A memorial in honour of the 130,000 Sikh soldiers who fought in the conflict was unveiled in November 2015 at the National Memorial Arboretum in Staffordshire, after a fundraising drive by British Sikhs.
The India Gate war memorial in New Delhi commemorating the British war dead |
The India Gate memorial in New Delhi commeorates the British war dead, but it makes no mention of the 70,000 Indian soldiers who died during the war. The Indian government has finally decided to build a national war memorial, but the site has yet to be decided.
But Indian literature touched the war experience in one tragic tale. When the great British poet Wilfred Owen (author of the greatest anti-war poem in the English language, 'Dulce et Decorum Est', was to return to the front to give his life in the futile First World War, he recited Tagore's 'Parting Words' to his mother as his last goodbye. When he was so tragically and pointlessly killed, Owen's mother found Tagore's poem copied out in her son's hand in his diary:
When I go from hence
let this be my parting word,
that what I have seen is unsurpassable.
I have tasted of the hidden honey of this lotus
that expands on the ocean of light,
and thus am I blessed
---let this be my parting word.
In this playhouse of infinite forms
I have had my play
and here have I caught sight of him that is formless.
My whole body and my limbs
have thrilled with his touch who is beyond touch;
and if the end comes here, let it come
- let this be my parting word.
Indian soldiers in transit pass through Paris |
The Commonwealth War Graves Commission maintains war cemeteries in India, mostly commemorating the Second World War rather than the First.
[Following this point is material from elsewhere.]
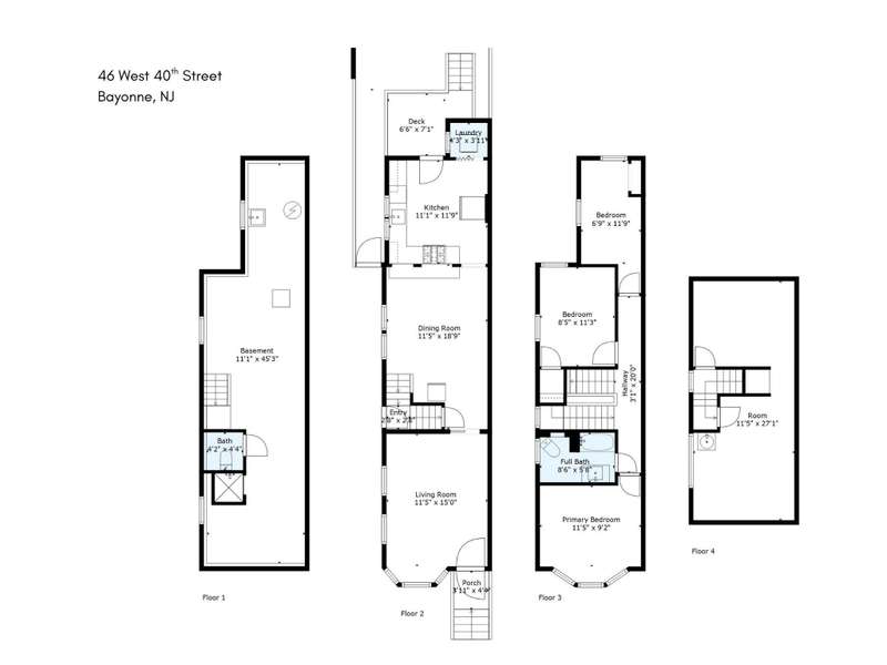 Welcome to 46 West 40th Street, the most charming single-family home on the market today. Brimming with character, this four-bedroom gem features original hardwood floors, detailed millwork, and a stained-glass window that sets the tone for its timeless style. From the moment you walk in, you ??ll feel the warmth and history blended perfectly with modern updates. The main level offers a cozy living room, a formal dining room, and a renovated kitchen with bar seating, laundry, and direct access to the backyard deck and patio. Upstairs you ??ll find three bedrooms and a full bath, while the fully finished top floor adds two versatile bonus rooms, perfect for a primary suite, office, or family lounge. The basement includes a full bathroom and is nearly finished, giving you even more space and flexibility. Parking is included for added convenience. What truly sets this home apart is its unbeatable location. Homes this close to Horace Mann Elementary School are incredibly hard to find and this one sits just one block away, in one of Bayonne ??s most sought-after districts. You ??re also only a few blocks from the 45th Street Light Rail, making for an effortless commute into New York City. Half a block from Broadway, you ??ll enjoy the convenience of caf s, restaurants, and shopping right at your doorstep, while the 100-acre Hudson County Park with its trails, playgrounds, and waterfront views is only minutes away. With Bayonne developing rapidly and appreciation climbing year after year, this home offers not only charm and space, but also the kind of location buyers dream of. Don ??t miss your chance to be part of Bayonne ??s exciting future. Make your appointment today!
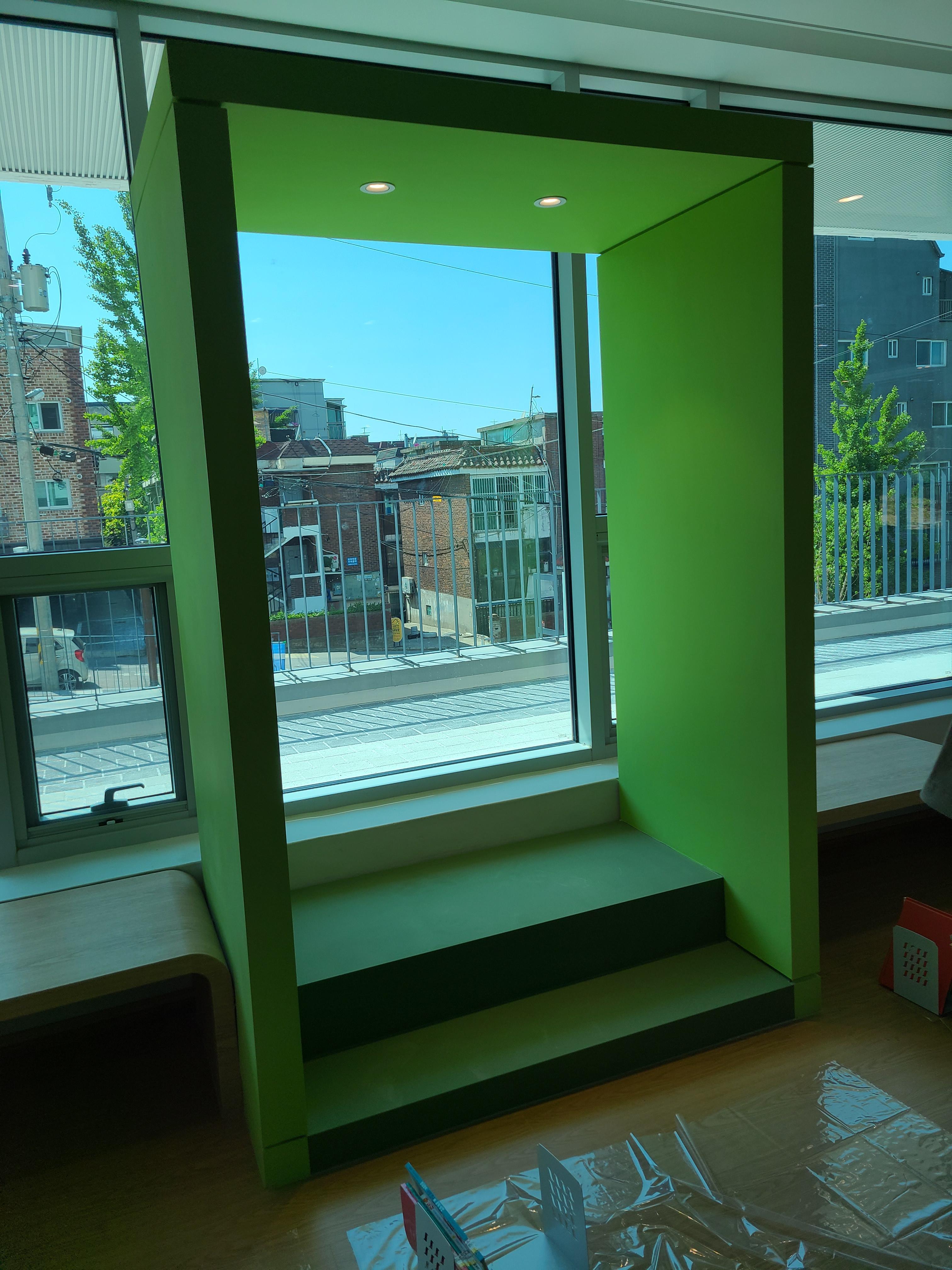 자연이 들어오는 느낌으로 창 밖에는 푸른 나무가 보이고 구석구석에는 숨기 좋아하는 아이들을 위한 공간이 여러 군데 있습니다.

The most famous epitaph of them all is inscribed at the Kohima War Cemetery in North-East India. It reads, "When you go home, tell them of us and say/ For your tomorrow, we gave our today".
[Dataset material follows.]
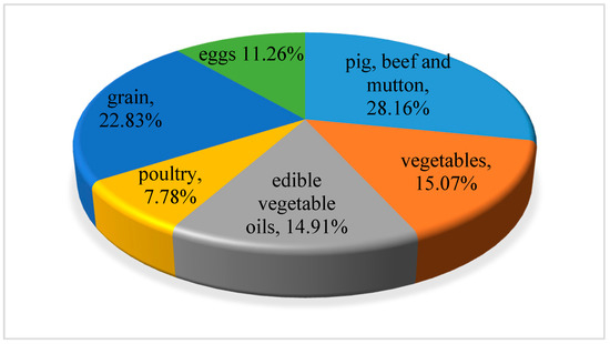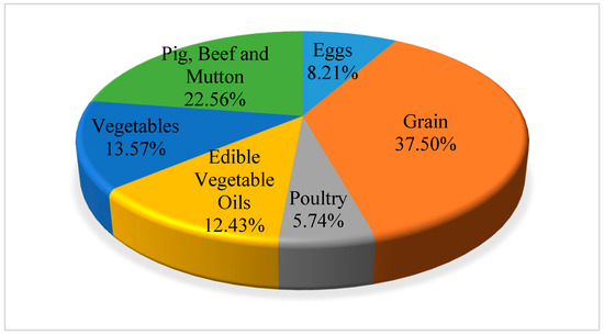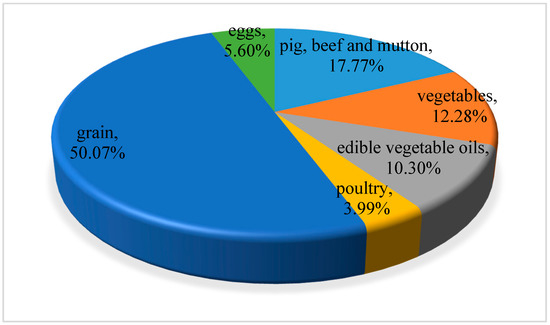 Since 2001, the water footprint of residents on food consumption of grain, vegetables, edible vegetable oil, meat, poultry and eggs has shown an increasing trend, and the increasing range of poultry, meat and eggs is large. Table 3 shows the water footprint of residents’ food consumption divided by food types over the years. From the perspective of food consumption structure, grain and pig, beef and mutton consumption contributed significantly to the water footprint of residents’ food consumption, contributing 37.5% and 22.56% to the total water footprint of food consumption. Vegetables and edible vegetable oils followed, and then followed by the water footprint of eggs and poultry. Based on Table 3, from 2001 to 2016, the proportion of water footprint consumed by each food in China of the total water footprint is shown in Figure 4. Figure 5 and Figure 6 showed the proportion of water footprint consumed by each type of food of urban and rural residents respectively. For urban residents, pig, beef and mutton consumption contributed the most to the total water footprint while grain consumption contributed the most among rural residents.

Indian soldiers man a fortification in East Africa, 1915 |
The Indian soldiers who died in the First World War could make no such claim. They gave their "todays" for someone else's "yesterdays". They left behind orphans, but history has orphaned them as well. As Imperialism has bitten the dust, it is recalled increasingly for its repression and racism, and its soldiers, when not reviled, are largely regarded as having served an unworthy cause.
But they were men who did their duty, as they saw it. And they were Indians. It is a matter of quiet satisfaction that their overdue rehabilitation has now begun.